Data extraction and processing
Once the spots in a microarray image are extracted the intensity value of each spot can be obtained. But results may not be 100% efficient so a preprocessing must be done following the next steps:
- Background correction.
- Data Normalization.
- Missing value estimation.
Background correction is the belief that a spots measured intensity includes a contribution not due to a specific hybridization of the target to the probe. The purpose of normalization is to adjust for any bias that arises from variation in the microarray process rather than from biological differences bet
ween the RNA samples.
Pattern Discovery by cluster analysis
A standard tool in gene expression data analysis is cluster analysis. Cluster analysis aims at finding groups in a given data set such that objects in the same group are similar to each other while objects in different groups are dissimilar Genes with related functions are expected to have similar patterns.
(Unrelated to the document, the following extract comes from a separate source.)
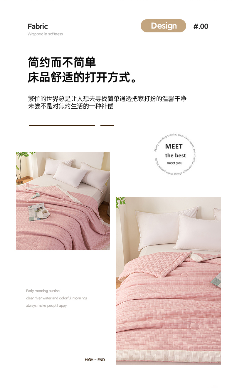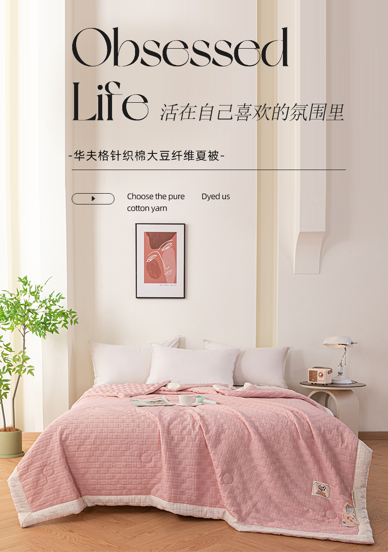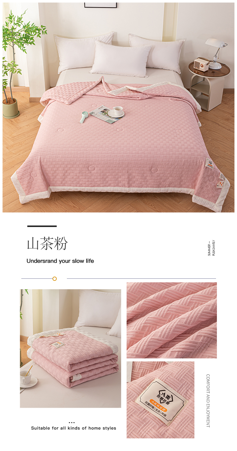 商品名称:江山被业 2025新款华夫格提花针织棉大豆纤维夏被 山茶粉
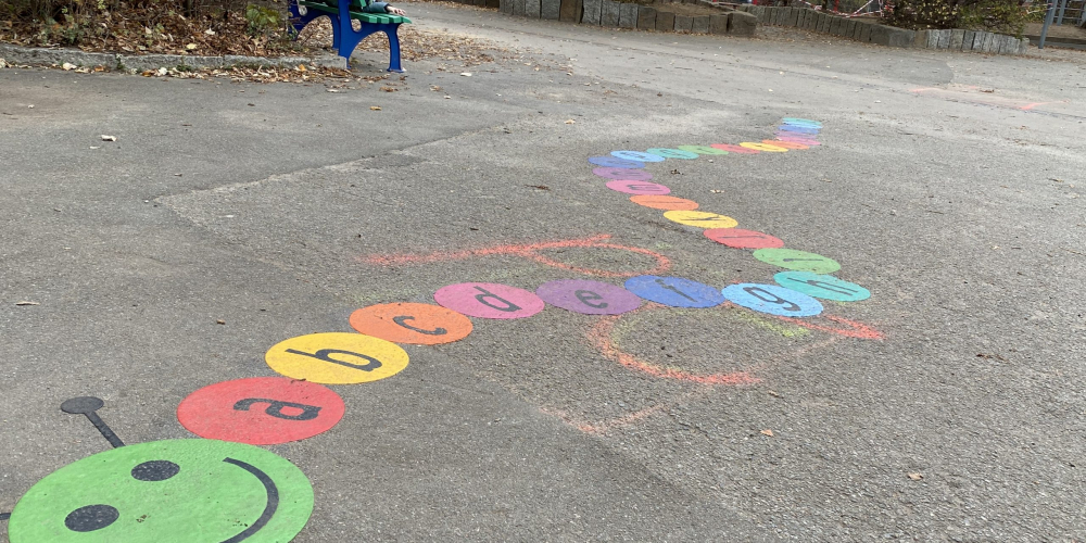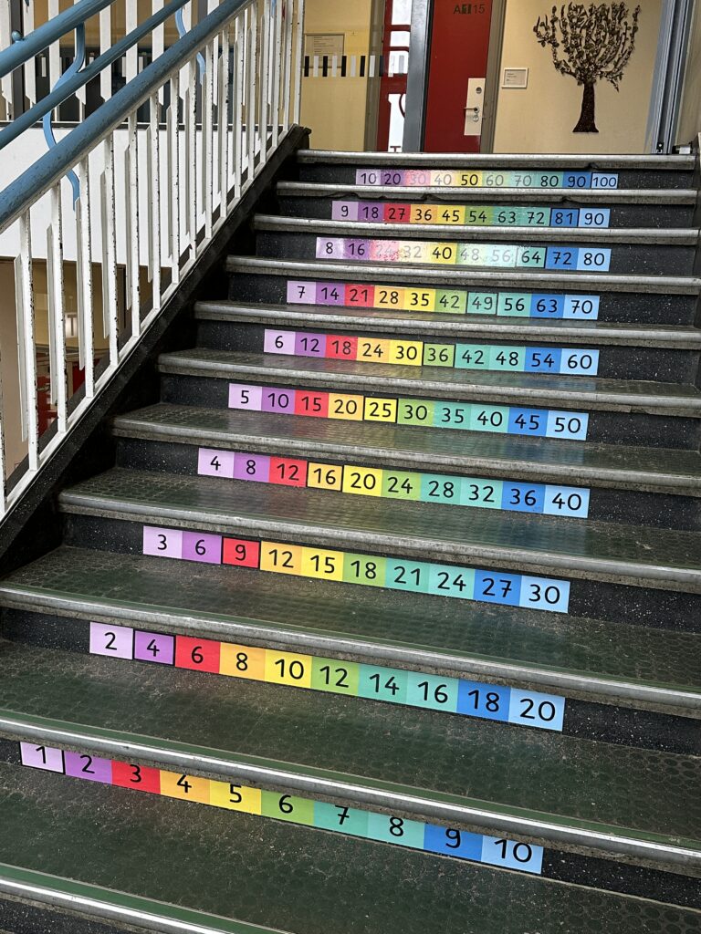 Seit ein paar Wochen verschönern bunte Zahlen das Treppenhaus. Wer die Treppe hinaufgeht, sieht „Verliebte Zahlen“ und Einmaleinsreihen.

Clustering of gene expression data has been applied to the study of temporal expression genes in sporulation, the identification of gene regulatory networks and the study of cancer.
For the project a Binary hierarchical clustering algorithm is proposed, the algorithm performs a successive binary subdivision of the data in a hierarchical manner, until further splitting of a partition into two smaller partitions is insignificant anymore.
Conclusions
I think the project its really interesting it works with a lot of techniques and things we have seen in class like computer vision techniques to get more efficient results on the segmentation resulting images , also they work with clusters for pattern recognition, we did something similar 1 year ago in parallel system class, they use it for looking on databases for similar genes or DNA. This article shows the increase of interest in computer science, demonstrating that researchers and scientist need efficient algorithms that may be applied in other fields too.
References
Wee-Chung Liew, A., Yan, H. and Yang, M. (2005) Pattern recognition techniques for the emerging field of bioinformatics: A review. [e-book] [Accessed: 29 May 2013].